Marie war aufgewachsen wie die Disteln, die an der Mauer um den Sattelplatz in die Höhe wucherten, sich selbst überlassen, ohne elterliche Führung. Ihr Vater war als Statthalter nach Holland berufen worden, als sie sechs Jahre alt gewesen war, und die Mutter, die zwei Jahre später gestorben war, hatte sie kaum gekannt. Seit es aber entschieden war, dass ihrem Vater kein männlicher Thronfolger mehr geboren würde und somit sie als Erbin des Herzogtums galt, war es mit ihrer Freiheit vorbei. Wenn sie an diesem prächtigen Morgen Zeit für sich haben wollte, durfte sie sich darum von niemandem blicken lassen.
Keine halbe Stunde später saß Marie im Sattel ihrer Rappstute Passionata und galoppierte hinaus in den unberührten Tag. Reine, das Falkenweibchen, das sie selbst gezähmt und ausgebildet hatte, kauerte auf dem ledernen Handschuh, der ihren Unterarm bedeckte, als wären Falke und Falknerin miteinander verwachsen. Marie wusste: Auf jemanden, der von dieser Kunst nichts verstand, würde ihr Ritt mit dem Vogel spielerisch leicht wirken, doch in Wahrheit steckten unzählige Stunden beharrlicher Übung darin.
Marie liebte die Gesellschaft ihrer Tiere. Die in Andalusien gezogene, für ihr Temperament gefürchtete Stute und der Falke standen ihr ebenso nahe wie Cuthbert, der graue Stöberhund, den ihre Stiefmutter, Margarete von York, ihr aus England hatte schicken lassen. Von Tieren fühlte sie sich wortlos verstanden, während sie im Wortgeklingel der Menschen oft nur scheppernde Leere hörte. Deshalb ritt sie zur Beize am liebsten allein, auch wenn Philippe de Commynes, der Berater ihres Vaters, sie immer wieder ermahnte, einen Begleiter mitzunehmen, damit ihr nichts geschehe – am besten ihn selbst. Doch seine Schmeicheleien, mit denen er sie stets bedachte, hätten ihr die Freude am Galopp ihrer Stute verdorben, an den Farben und Düften des Herbstes und an der Stille, in der ihr Hufschlag widerhallte.
Doch nicht nur Passionatas Hufschlag, auch der Ärger und Verdruss der vergangenen Wochen hallte in ihr wider – sogar hier, in Gottes freier Natur. Marie war alles andere als eine dumme Gans, sondern eine junge, gebildete Frau mit wachem Verstand, die geistreiche Gespräche liebte.
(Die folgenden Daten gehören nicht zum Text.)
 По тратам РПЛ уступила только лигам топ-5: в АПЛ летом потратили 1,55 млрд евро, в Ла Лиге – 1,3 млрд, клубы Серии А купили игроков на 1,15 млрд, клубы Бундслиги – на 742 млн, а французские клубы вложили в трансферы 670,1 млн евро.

In ihrer Gegenwart aber schien keinem Menschen mehr ein anderes Thema als ihre Heiratsaussichten in den Sinn zu kommen. Auch ihr Vater und seine dritte Frau Margarete redeten mit ihr weniger über den Herzoghasser und Rebellen Jan Coppenhole, der eine wirkliche Bedrohung für die Herrschaft im Land war, als über ihre mögliche Eheschließung, wobei die in Betracht kommenden Kandidaten schneller wechselten, als ein Kinderkreisel sich drehte.
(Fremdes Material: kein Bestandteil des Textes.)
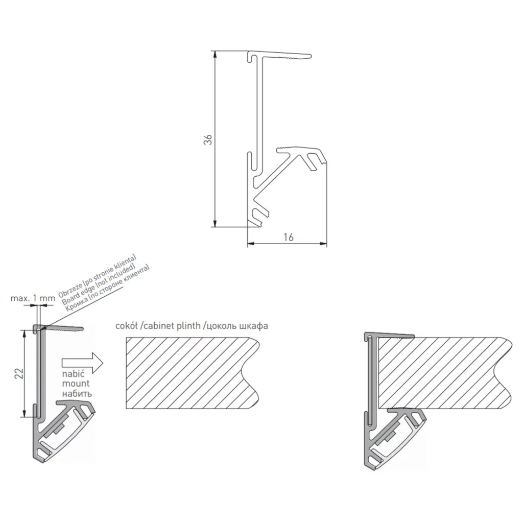 Profil aluminiowy LED cokołowy nabijany GLAX 3m – srebrny idealnie nadaje się do wykończenia pomieszczeń takich jak łazienka, kuchnia, garderoba, sypialnia czy też sklep. Zastosowanie profilu LED cokołowego umożliwia estetyczne oświetlenie dołów szafek. Dzięki użyciu profilu LED cokołowego można oświetlić szafki oraz podłogę.

Kaum ein Tag verging, ohne dass ein Verehrer vorstellig wurde und Marie mit Bekundungen seiner Liebe zu Tode langweilte. Da wurde geseufzt und geschluchzt, dass die Wände weinten – als würde Marie nicht durchschauen, dass die inbrünstigen Oden, Verse und Schwüre nicht ihr, sondern ihrem Erbe galten.